Borr Drilling Limited - SGM Results Notification and Conditions for First Settlement of Equity Offering Met

Borr Drilling Limited (the "Company") (NYSE and OSE: "BORR") advises that a

Special General Meeting of the Company was held on August 16, 2022 at 09:00 ADT

at 2nd Floor, The S.E. Pearman Building, 9 Par-la-Ville Road, Hamilton HM 11,

Bermuda

The following resolution was passed:

To approve the increase of the Company's authorized share capital from

US$18,000,000.00 divided into 180,000,000 common shares of US$0.10 par value

each to US$22,000,000.00 divided into 220,000,000 common shares of US$0.10 par

value each by the authorization of an additional 40,000,000 common shares of

US$0.10 par value each.

The increase in authorized share capital is one of the two conditions for the

Company to complete the first settlement of the previously announced public

offering. In addition, the Company has entered into the required binding term

sheets/other binding agreements with all applicable lenders, which is the second

condition for the first settlement, and as such, the first settlement is

expected to be completed as announced on August 17, 2022

Hamilton, Bermuda

August 16, 2022

The offering referred to herein was made pursuant to an effective automatic

shelf registration statement, previously filed by the Company with the

Securities and Exchange Commission ("SEC") on July 26, 2022. The offering of the

common shares was made only by means of a prospectus and a related prospectus

supplement. A final prospectus supplement relating to the offering was filed

with the SEC on August 11, 2022. You may obtain these documents for free by

visiting EDGAR on the SEC's website at www.sec.gov.
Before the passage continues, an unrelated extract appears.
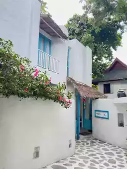 Resort de Paskani is both a cafe and accommodations, and is a must-visit. The drinks are absolutely delicious! 🍵 The interior is beautifully decorated in a soft, Santorini-style style, with beautiful lighting.

Alternatively, the final

prospectus supplement and accompanying prospectus related to the offering may be

obtained by contacting DNB Markets, Inc., Attn: Compliance Department, by

telephone: 212-681-3800, or by email at: [email protected]

This press release does not constitute an offer to sell or the solicitation of

an offer to buy securities, nor will there be any sale of the securities in any

jurisdiction in which such offer, solicitation or sale would be unlawful prior

to the registration or qualification under the securities laws of any such

jurisdiction.

Forward-Looking Statements

This press release contains forward-looking statements within the meaning of the

Private Securities Litigation Reform Act of 1995, including statements with

respect to the expected settlement date of the offering and other non-historical

statements. The forward-looking statements included in this press release are

subject to significant risks, uncertainties, contingencies and factors that may

cause the Company's actual results to be materially different from those

expressed or implied by the forward-looking statements including risks related

to settlement of the offering and other risks described in the Company's most

recent Annual Report on Form 20-F and other filings of the Company with the SEC.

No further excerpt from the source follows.